(Assignment)
The answer must consist of the records, repeated exactly.

Data excerpts:
>>>>>

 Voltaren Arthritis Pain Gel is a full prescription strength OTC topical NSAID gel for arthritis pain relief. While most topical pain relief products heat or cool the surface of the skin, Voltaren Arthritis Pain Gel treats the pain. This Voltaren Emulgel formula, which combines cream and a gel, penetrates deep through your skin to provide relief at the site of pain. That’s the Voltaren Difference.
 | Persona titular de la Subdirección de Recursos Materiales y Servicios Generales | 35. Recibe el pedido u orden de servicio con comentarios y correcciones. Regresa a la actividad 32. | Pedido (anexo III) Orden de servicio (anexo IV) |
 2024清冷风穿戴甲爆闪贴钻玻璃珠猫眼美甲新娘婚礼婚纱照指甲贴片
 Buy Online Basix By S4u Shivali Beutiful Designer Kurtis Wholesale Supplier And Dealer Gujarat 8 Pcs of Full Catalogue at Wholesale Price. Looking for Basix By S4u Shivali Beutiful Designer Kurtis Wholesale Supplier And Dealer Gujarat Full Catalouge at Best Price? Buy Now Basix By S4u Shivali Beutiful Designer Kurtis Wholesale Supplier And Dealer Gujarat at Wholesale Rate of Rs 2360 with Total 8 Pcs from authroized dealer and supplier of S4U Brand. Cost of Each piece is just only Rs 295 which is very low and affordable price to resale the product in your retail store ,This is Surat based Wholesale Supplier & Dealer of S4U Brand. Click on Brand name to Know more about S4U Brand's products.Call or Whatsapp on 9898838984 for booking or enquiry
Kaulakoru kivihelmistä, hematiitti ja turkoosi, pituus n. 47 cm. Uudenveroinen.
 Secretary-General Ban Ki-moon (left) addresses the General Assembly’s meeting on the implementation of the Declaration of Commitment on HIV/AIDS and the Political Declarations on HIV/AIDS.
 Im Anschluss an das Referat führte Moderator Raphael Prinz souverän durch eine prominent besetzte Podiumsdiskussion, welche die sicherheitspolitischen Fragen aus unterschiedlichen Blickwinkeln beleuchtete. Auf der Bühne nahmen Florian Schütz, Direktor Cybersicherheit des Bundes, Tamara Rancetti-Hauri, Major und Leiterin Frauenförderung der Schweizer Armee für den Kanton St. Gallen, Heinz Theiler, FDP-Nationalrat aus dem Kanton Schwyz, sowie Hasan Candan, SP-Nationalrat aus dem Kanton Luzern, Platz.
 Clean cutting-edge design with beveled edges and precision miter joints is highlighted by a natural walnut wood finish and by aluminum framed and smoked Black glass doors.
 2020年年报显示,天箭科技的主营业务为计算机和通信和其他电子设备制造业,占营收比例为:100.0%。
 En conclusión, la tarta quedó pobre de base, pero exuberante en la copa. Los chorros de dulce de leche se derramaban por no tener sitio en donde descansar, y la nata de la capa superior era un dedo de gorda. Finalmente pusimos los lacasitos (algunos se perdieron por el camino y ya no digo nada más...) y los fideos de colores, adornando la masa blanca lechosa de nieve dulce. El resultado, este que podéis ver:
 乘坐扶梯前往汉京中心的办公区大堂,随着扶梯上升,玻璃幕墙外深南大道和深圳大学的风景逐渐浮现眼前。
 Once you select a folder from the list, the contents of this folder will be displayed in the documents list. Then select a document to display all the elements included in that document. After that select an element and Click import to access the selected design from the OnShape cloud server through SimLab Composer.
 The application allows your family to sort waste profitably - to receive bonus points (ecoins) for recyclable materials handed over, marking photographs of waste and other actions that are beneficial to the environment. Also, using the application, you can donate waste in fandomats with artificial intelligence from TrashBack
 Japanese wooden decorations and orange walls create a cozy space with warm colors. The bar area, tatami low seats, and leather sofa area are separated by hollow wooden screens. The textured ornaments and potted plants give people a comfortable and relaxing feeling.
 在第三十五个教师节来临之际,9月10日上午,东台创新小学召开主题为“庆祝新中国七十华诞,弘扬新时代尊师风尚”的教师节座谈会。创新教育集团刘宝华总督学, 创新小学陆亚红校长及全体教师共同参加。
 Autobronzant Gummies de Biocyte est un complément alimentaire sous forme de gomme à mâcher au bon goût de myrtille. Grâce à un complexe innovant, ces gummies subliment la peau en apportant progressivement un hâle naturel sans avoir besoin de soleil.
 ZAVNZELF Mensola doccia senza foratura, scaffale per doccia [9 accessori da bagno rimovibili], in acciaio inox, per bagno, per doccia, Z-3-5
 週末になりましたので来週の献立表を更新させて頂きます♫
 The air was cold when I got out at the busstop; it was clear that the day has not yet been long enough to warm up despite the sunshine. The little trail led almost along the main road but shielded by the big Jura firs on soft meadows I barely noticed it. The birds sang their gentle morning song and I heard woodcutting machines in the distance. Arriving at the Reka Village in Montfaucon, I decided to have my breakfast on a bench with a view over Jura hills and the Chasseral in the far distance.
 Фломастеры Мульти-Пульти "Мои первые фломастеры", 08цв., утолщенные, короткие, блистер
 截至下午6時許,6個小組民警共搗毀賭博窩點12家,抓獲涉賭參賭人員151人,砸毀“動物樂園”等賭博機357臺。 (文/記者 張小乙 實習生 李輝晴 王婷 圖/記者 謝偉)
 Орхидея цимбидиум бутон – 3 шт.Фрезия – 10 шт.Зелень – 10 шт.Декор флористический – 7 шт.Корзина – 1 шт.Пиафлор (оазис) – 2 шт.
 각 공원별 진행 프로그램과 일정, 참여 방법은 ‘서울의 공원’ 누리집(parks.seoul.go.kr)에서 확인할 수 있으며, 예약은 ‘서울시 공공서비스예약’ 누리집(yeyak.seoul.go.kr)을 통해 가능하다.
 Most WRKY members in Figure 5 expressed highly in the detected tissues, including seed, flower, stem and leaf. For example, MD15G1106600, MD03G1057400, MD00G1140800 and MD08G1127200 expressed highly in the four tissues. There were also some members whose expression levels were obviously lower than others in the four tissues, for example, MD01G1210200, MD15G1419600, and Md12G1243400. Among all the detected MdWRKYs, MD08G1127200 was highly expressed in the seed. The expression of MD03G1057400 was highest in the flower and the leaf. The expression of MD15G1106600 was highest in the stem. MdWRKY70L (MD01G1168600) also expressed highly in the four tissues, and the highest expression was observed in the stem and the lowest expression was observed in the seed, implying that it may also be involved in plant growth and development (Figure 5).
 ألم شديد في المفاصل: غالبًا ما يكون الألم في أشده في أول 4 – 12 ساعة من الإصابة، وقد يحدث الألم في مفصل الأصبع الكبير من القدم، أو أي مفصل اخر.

<<<<<

(Solved exercise)
 Voltaren Arthritis Pain Gel is a full prescription strength OTC topical NSAID gel for arthritis pain relief. While most topical pain relief products heat or cool the surface of the skin, Voltaren Arthritis Pain Gel treats the pain. This Voltaren Emulgel formula, which combines cream and a gel, penetrates deep through your skin to provide relief at the site of pain. That’s the Voltaren Difference.
 | Persona titular de la Subdirección de Recursos Materiales y Servicios Generales | 35. Recibe el pedido u orden de servicio con comentarios y correcciones. Regresa a la actividad 32. | Pedido (anexo III) Orden de servicio (anexo IV) |
 2024清冷风穿戴甲爆闪贴钻玻璃珠猫眼美甲新娘婚礼婚纱照指甲贴片
 Buy Online Basix By S4u Shivali Beutiful Designer Kurtis Wholesale Supplier And Dealer Gujarat 8 Pcs of Full Catalogue at Wholesale Price. Looking for Basix By S4u Shivali Beutiful Designer Kurtis Wholesale Supplier And Dealer Gujarat Full Catalouge at Best Price? Buy Now Basix By S4u Shivali Beutiful Designer Kurtis Wholesale Supplier And Dealer Gujarat at Wholesale Rate of Rs 2360 with Total 8 Pcs from authroized dealer and supplier of S4U Brand. Cost of Each piece is just only Rs 295 which is very low and affordable price to resale the product in your retail store ,This is Surat based Wholesale Supplier & Dealer of S4U Brand. Click on Brand name to Know more about S4U Brand's products.Call or Whatsapp on 9898838984 for booking or enquiry
Kaulakoru kivihelmistä, hematiitti ja turkoosi, pituus n. 47 cm. Uudenveroinen.
 Secretary-General Ban Ki-moon (left) addresses the General Assembly’s meeting on the implementation of the Declaration of Commitment on HIV/AIDS and the Political Declarations on HIV/AIDS.
 Im Anschluss an das Referat führte Moderator Raphael Prinz souverän durch eine prominent besetzte Podiumsdiskussion, welche die sicherheitspolitischen Fragen aus unterschiedlichen Blickwinkeln beleuchtete. Auf der Bühne nahmen Florian Schütz, Direktor Cybersicherheit des Bundes, Tamara Rancetti-Hauri, Major und Leiterin Frauenförderung der Schweizer Armee für den Kanton St. Gallen, Heinz Theiler, FDP-Nationalrat aus dem Kanton Schwyz, sowie Hasan Candan, SP-Nationalrat aus dem Kanton Luzern, Platz.
 Clean cutting-edge design with beveled edges and precision miter joints is highlighted by a natural walnut wood finish and by aluminum framed and smoked Black glass doors.
 2020年年报显示,天箭科技的主营业务为计算机和通信和其他电子设备制造业,占营收比例为:100.0%。
 En conclusión, la tarta quedó pobre de base, pero exuberante en la copa. Los chorros de dulce de leche se derramaban por no tener sitio en donde descansar, y la nata de la capa superior era un dedo de gorda. Finalmente pusimos los lacasitos (algunos se perdieron por el camino y ya no digo nada más...) y los fideos de colores, adornando la masa blanca lechosa de nieve dulce. El resultado, este que podéis ver:
 乘坐扶梯前往汉京中心的办公区大堂,随着扶梯上升,玻璃幕墙外深南大道和深圳大学的风景逐渐浮现眼前。
 Once you select a folder from the list, the contents of this folder will be displayed in the documents list. Then select a document to display all the elements included in that document. After that select an element and Click import to access the selected design from the OnShape cloud server through SimLab Composer.
 The application allows your family to sort waste profitably - to receive bonus points (ecoins) for recyclable materials handed over, marking photographs of waste and other actions that are beneficial to the environment. Also, using the application, you can donate waste in fandomats with artificial intelligence from TrashBack
 Japanese wooden decorations and orange walls create a cozy space with warm colors. The bar area, tatami low seats, and leather sofa area are separated by hollow wooden screens. The textured ornaments and potted plants give people a comfortable and relaxing feeling.
 在第三十五个教师节来临之际,9月10日上午,东台创新小学召开主题为“庆祝新中国七十华诞,弘扬新时代尊师风尚”的教师节座谈会。创新教育集团刘宝华总督学, 创新小学陆亚红校长及全体教师共同参加。
 Autobronzant Gummies de Biocyte est un complément alimentaire sous forme de gomme à mâcher au bon goût de myrtille. Grâce à un complexe innovant, ces gummies subliment la peau en apportant progressivement un hâle naturel sans avoir besoin de soleil.
 ZAVNZELF Mensola doccia senza foratura, scaffale per doccia [9 accessori da bagno rimovibili], in acciaio inox, per bagno, per doccia, Z-3-5
 週末になりましたので来週の献立表を更新させて頂きます♫
 The air was cold when I got out at the busstop; it was clear that the day has not yet been long enough to warm up despite the sunshine. The little trail led almost along the main road but shielded by the big Jura firs on soft meadows I barely noticed it. The birds sang their gentle morning song and I heard woodcutting machines in the distance. Arriving at the Reka Village in Montfaucon, I decided to have my breakfast on a bench with a view over Jura hills and the Chasseral in the far distance.
 Фломастеры Мульти-Пульти "Мои первые фломастеры", 08цв., утолщенные, короткие, блистер
 截至下午6時許,6個小組民警共搗毀賭博窩點12家,抓獲涉賭參賭人員151人,砸毀“動物樂園”等賭博機357臺。 (文/記者 張小乙 實習生 李輝晴 王婷 圖/記者 謝偉)
 Орхидея цимбидиум бутон – 3 шт.Фрезия – 10 шт.Зелень – 10 шт.Декор флористический – 7 шт.Корзина – 1 шт.Пиафлор (оазис) – 2 шт.
 각 공원별 진행 프로그램과 일정, 참여 방법은 ‘서울의 공원’ 누리집(parks.seoul.go.kr)에서 확인할 수 있으며, 예약은 ‘서울시 공공서비스예약’ 누리집(yeyak.seoul.go.kr)을 통해 가능하다.
 Most WRKY members in Figure 5 expressed highly in the detected tissues, including seed, flower, stem and leaf. For example, MD15G1106600, MD03G1057400, MD00G1140800 and MD08G1127200 expressed highly in the four tissues. There were also some members whose expression levels were obviously lower than others in the four tissues, for example, MD01G1210200, MD15G1419600, and Md12G1243400. Among all the detected MdWRKYs, MD08G1127200 was highly expressed in the seed. The expression of MD03G1057400 was highest in the flower and the leaf. The expression of MD15G1106600 was highest in the stem. MdWRKY70L (MD01G1168600) also expressed highly in the four tissues, and the highest expression was observed in the stem and the lowest expression was observed in the seed, implying that it may also be involved in plant growth and development (Figure 5).
 ألم شديد في المفاصل: غالبًا ما يكون الألم في أشده في أول 4 – 12 ساعة من الإصابة، وقد يحدث الألم في مفصل الأصبع الكبير من القدم، أو أي مفصل اخر.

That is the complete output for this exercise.